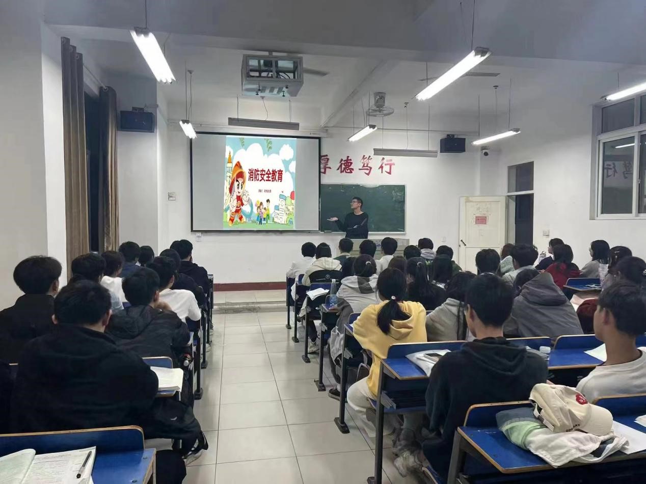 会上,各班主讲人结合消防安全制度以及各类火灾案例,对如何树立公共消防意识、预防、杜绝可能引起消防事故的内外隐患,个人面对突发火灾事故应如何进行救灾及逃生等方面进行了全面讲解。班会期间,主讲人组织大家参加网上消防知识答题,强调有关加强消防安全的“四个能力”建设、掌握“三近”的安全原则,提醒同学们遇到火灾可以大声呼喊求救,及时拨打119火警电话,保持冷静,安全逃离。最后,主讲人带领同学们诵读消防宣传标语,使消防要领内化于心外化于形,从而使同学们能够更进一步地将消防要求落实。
──────────────────────────────
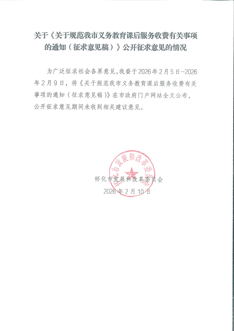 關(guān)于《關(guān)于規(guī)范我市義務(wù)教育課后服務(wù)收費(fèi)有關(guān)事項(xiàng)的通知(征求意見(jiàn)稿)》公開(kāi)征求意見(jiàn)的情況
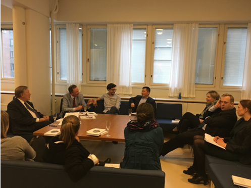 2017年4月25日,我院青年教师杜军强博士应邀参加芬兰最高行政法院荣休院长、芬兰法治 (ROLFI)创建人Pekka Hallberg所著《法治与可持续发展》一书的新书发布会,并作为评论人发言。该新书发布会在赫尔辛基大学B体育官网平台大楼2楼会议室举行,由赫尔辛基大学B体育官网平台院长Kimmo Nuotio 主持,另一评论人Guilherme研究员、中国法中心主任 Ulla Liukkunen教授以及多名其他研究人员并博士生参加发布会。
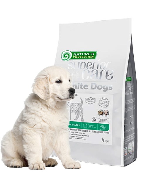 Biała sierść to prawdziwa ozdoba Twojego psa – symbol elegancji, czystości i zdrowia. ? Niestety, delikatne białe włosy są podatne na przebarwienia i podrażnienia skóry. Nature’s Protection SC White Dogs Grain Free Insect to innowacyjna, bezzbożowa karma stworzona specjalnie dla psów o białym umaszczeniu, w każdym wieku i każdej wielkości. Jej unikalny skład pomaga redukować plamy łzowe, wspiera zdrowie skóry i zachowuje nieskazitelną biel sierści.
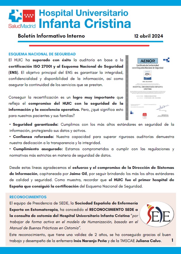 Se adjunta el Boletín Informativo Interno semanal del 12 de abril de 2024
──────────────────────────────
Reproduce exactly, with no pictures, the lines above from the one holding "關(guān)于《關(guā" to the one holding "Se adjunta el", inclusive.

→ WRITTEN SOLUTION
 關(guān)于《關(guān)于規(guī)范我市義務(wù)教育課后服務(wù)收費(fèi)有關(guān)事項(xiàng)的通知(征求意見(jiàn)稿)》公開(kāi)征求意見(jiàn)的情況
 2017年4月25日,我院青年教师杜军强博士应邀参加芬兰最高行政法院荣休院长、芬兰法治 (ROLFI)创建人Pekka Hallberg所著《法治与可持续发展》一书的新书发布会,并作为评论人发言。该新书发布会在赫尔辛基大学B体育官网平台大楼2楼会议室举行,由赫尔辛基大学B体育官网平台院长Kimmo Nuotio 主持,另一评论人Guilherme研究员、中国法中心主任 Ulla Liukkunen教授以及多名其他研究人员并博士生参加发布会。
 Biała sierść to prawdziwa ozdoba Twojego psa – symbol elegancji, czystości i zdrowia. ? Niestety, delikatne białe włosy są podatne na przebarwienia i podrażnienia skóry. Nature’s Protection SC White Dogs Grain Free Insect to innowacyjna, bezzbożowa karma stworzona specjalnie dla psów o białym umaszczeniu, w każdym wieku i każdej wielkości. Jej unikalny skład pomaga redukować plamy łzowe, wspiera zdrowie skóry i zachowuje nieskazitelną biel sierści.
 Se adjunta el Boletín Informativo Interno semanal del 12 de abril de 2024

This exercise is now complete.